L'escroquerie est constituée par un acte de tromperie




Fondamentalement, l'escroquerie est le mécanisme par lequel une personne va frauduleusement obtenir la remise d'une chose, à l'aide d'une tromperie. L'escroquerie est donc une infraction de commission, qui suppose la constatation d'un comportement actif de l'escroc.

Des éléments sont sous-jacents, d'autres non, puisque le préjudice est aussi un élément de l'infraction. Cette infraction se caractérise donc par la tromperie provocant la remise d'une chose au préjudice d'une personne avec l'intention de tromper.
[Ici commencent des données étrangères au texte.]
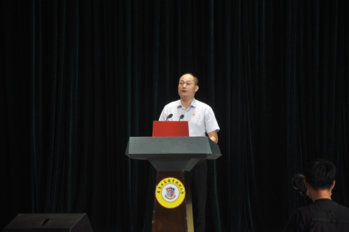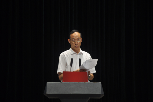 图为谢建平宣读学校《2021年教师节贺信》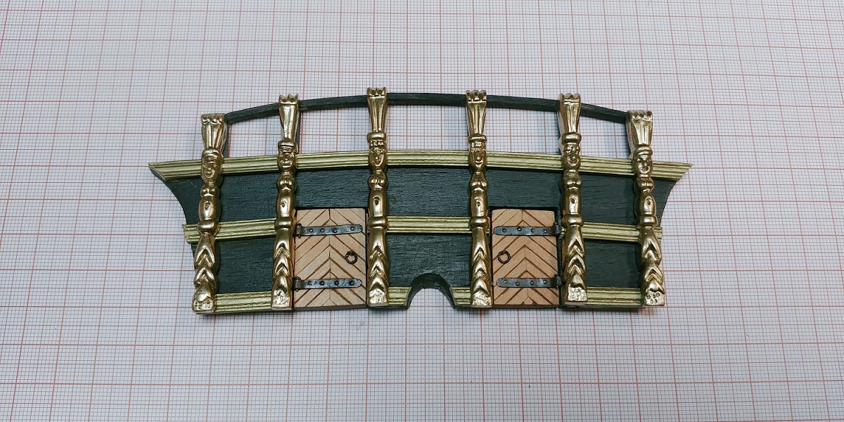 Główny pokład z gretingami już przyklejony.Przy okazji dorobiłem ster i kluzy.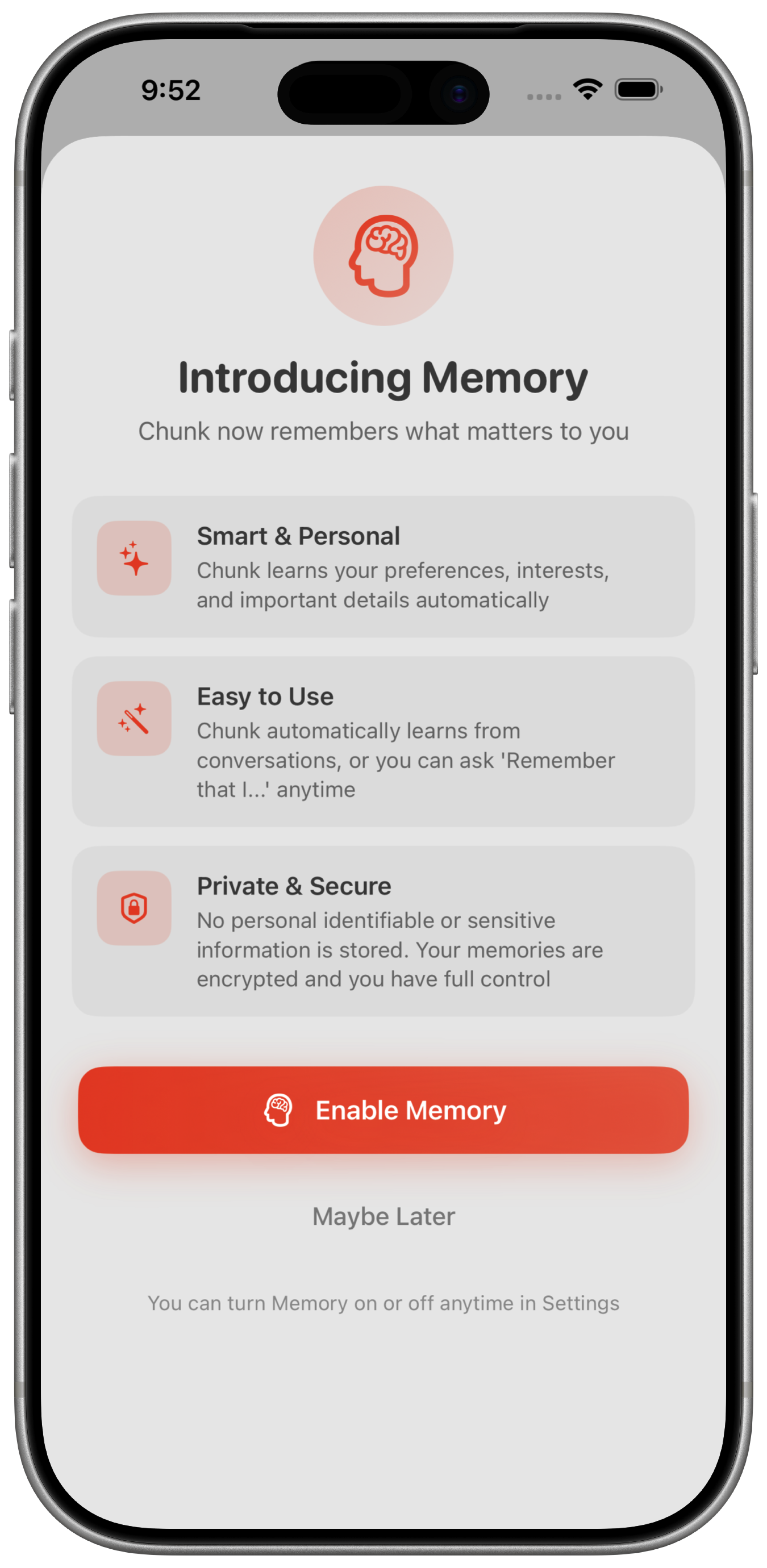 Chunk now remembers what matters to you. Memory automatically learns your preferences, interests, and important details from your conversations—making every interaction more personalized and helpful over time.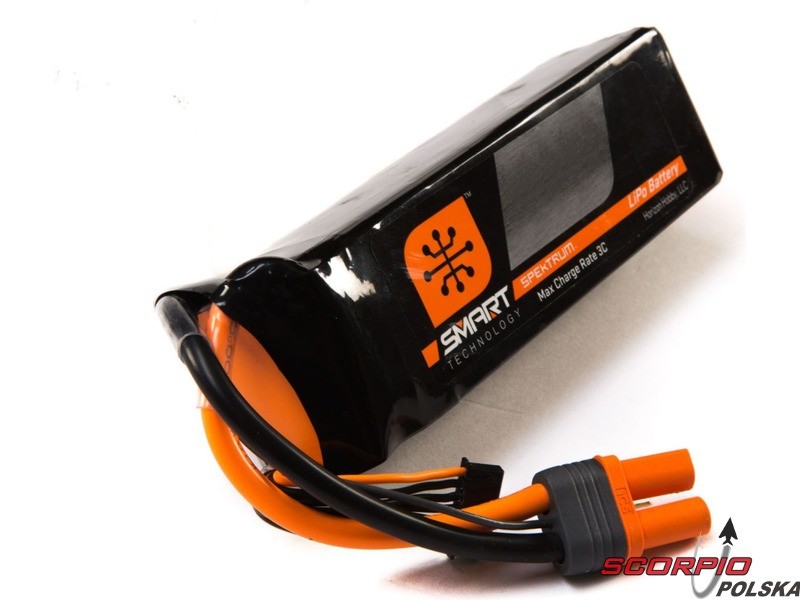 Akumulator LiPo Spektrum 14,8V 2200mAh 30C z technologią Smart do modeli samolotów i śmigłowców RC. Technologia Smart ułatwia i przyśpiesza ładowanie oraz wydłuża żywotność akumulatora. Konektor IC3, rozmiary 110 x 34 x 30mm.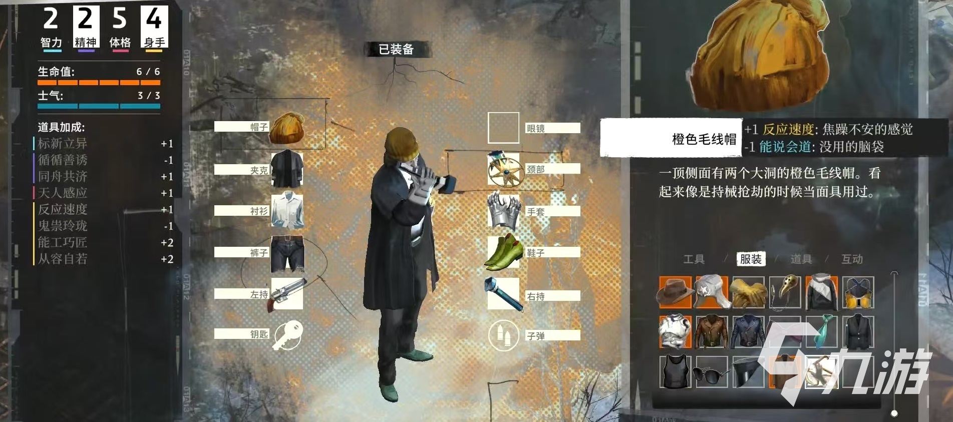 先來看一下帽子,橙色毛線帽,在后院可以獲得,增加1點反應(yīng)速度,降低1點能說會道。兩棲動物運動遮陽帽,五感發(fā)達(dá)增加1點,在席勒處可以獲得。迪克馬倫的帽子,在安妮特處獲得,效果是博學(xué)多聞增加1點。RCM警督帽,在豬豬女俠處獲得,爭強(qiáng)好勝增加1點。FALN“皮波”羊毛帽,效果是增加2點邏輯思維,減少1點五感發(fā)達(dá),可以在菲爾德大廈獲得。

• L'usage de faux nom ou de fausses qualités

Pour certains auteurs, ce sont les procédés les plus simples de l'escroquerie. Il s'agit en effet d'utiliser un faux patronyme ou selon un vocabulaire plus actuel un faux nom de famille ou un faux prénom ou un faux pseudonyme, c'est-à-dire au fond un autre nom que le sien, un nom que l'on ne peut pas utiliser. C'est un mensonge sur le nom qui dans certaines hypothèses peut suffire à déterminer la remise de la chose convoitée par l'escroc. Il importe peu par ailleurs que le nom utilisé soit réel, usurpé ou utilisé avec l'accord de la personne titulaire du nom, laquelle pourra être poursuivie, dans ce dernier cas, comme complice. Le nom peut aussi être imaginaire. Enfin, l'usage peut en être verbal ou écrit. Si le faux nom est déterminant de la remise, il sera constitutif de l'escroquerie.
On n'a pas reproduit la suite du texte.